The more problematic cases are those in which the insured lacks the financial resources to fund a settlement as to which the insurer refuses to participate or limits its participation. One course of action available to the insured is an agreement with the plaintiff whose principle terms are the insured's assignment of the rights to the plaintiff and the plaintiff's covenant not to execute. The underlying case is not settled but proceeds to judgment after trial. Recent judicial decisions have significantly curtailed the availability of stipulated judgments as the means of establishing the insured's liability and consequential damages on which the insurer's indemnity obligation is predicated.

The assignment and covenant not to execute serves the insured's interest in avoiding personal liability for the underlying claim and being relieved of the necessity of involvement in a second round of litigation. Nevertheless, an action against the insurer of the contract and bad faith claims survives, to be brought by the plaintiff as assignee or judgment creditor. Moreover, the insured may join that action to recover damages which are not assignable.

Improving Communication

Since the authors are mediators as well as lawyers, this discussion would be incomplete if before concluding, it failed to offer some observations under the general heading of communication -- or, to be more precise, improving communication.

It is a truism that effective communication is an important element of any process whose objective is progress toward a satisfactory resolution of the case. What is important to emphasize is that there are different approaches to communication and that the very existence of those differences signifies a range of choices which in turn increase or diminish the prospects for a satisfactory resolution.

Naturally enough, in the context of litigation, most prevalent is what may be called an advocacy approach to communication. Advocacy animates the myriad tasks and skills of the lawyer's art: to take, articulate and defend a position; to support a client's claim or assert a client's defense; and countless other actions taken on behalf of the client. In its most positive light, the purpose of such communication is to influence and persuade.

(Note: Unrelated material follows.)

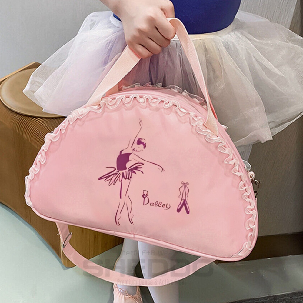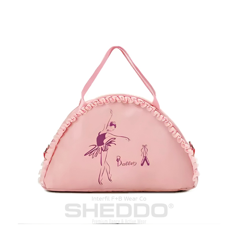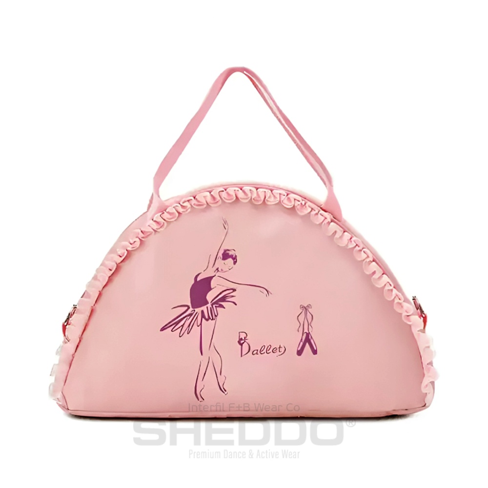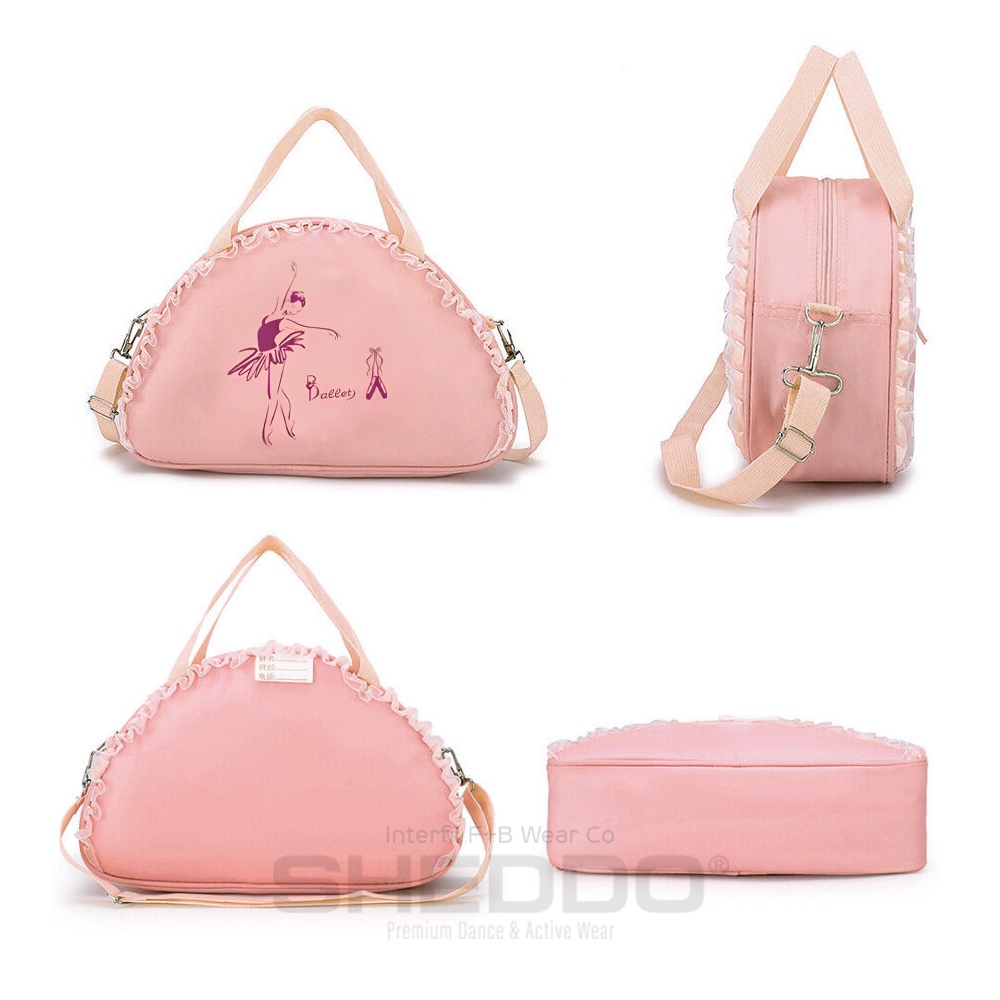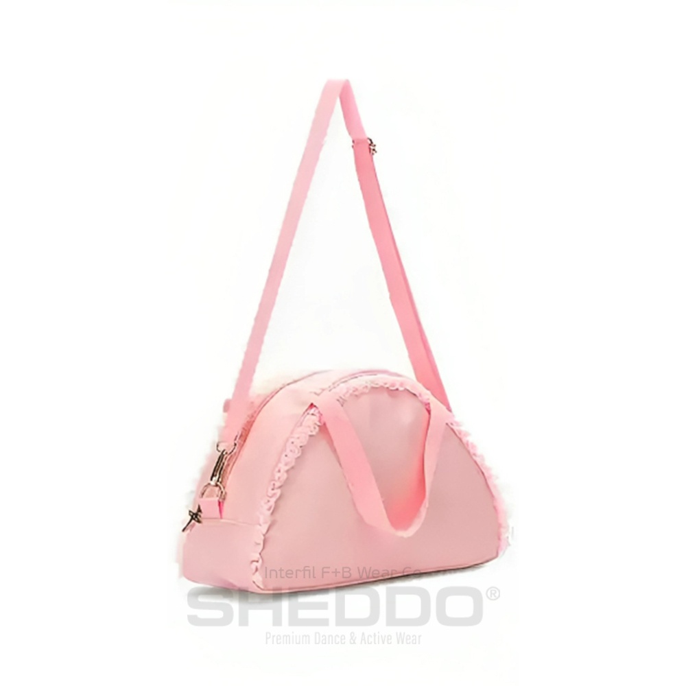Nylon made, activities duffel bag for children with single zipper on top. It is made out of premium nylon material and it features silver, white and pink tulle around the edges. It can be carried using the hand handles, or the included shoulder strap.

By education, experience, and temperament, most trial attorneys rely principally on this method of communicating. Indeed, within the framework of our system of adjudication, the inherent nature of the profession of trial advocacy demands it.

The progressive negotiation structure outlined here respects the advocacy approach to communication and recognizes its essential importance in the adjudicatory process. Yet it is also true that advocacy alone is rarely sufficient to bring the parties to a negotiated resolution. In addition, the talents and contributions of the lawyer as adviser and counselor are required. These include communication skills beyond those encompassed in advocacy.

From this perspective, the preferred approach to communication is a composite of conversation, dialogue and deliberation, which by encouraging responsibility and participation seeks the common ground on which agreement can rest. Further elaboration is beyond the scope of this discussion, but two articles of faith which underlie this approach can be stated. When people can be brought together in such a way that they are really communicating, newly perceived options can arise out of that dialogue. Second, when a certain quality of connection is established between people joined in a negotiation, the quality of the conflict itself will change.

Conclusion

This discussion of the progressive negotiation strategy is hardly exhaustive. Drawing on the authors' experience in Cumis cases, it seeks to describe an approach compatible with the some of the particular challenges which they represent. The aim here is to make an informed beginning toward a more comprehensive framework defining the structures and processes through which settlement negotiations may bear fruit. Although the discussion has been limited to Cumis cases, the approach suggested here has relevance in other contexts where similar --or greater-- complications exist.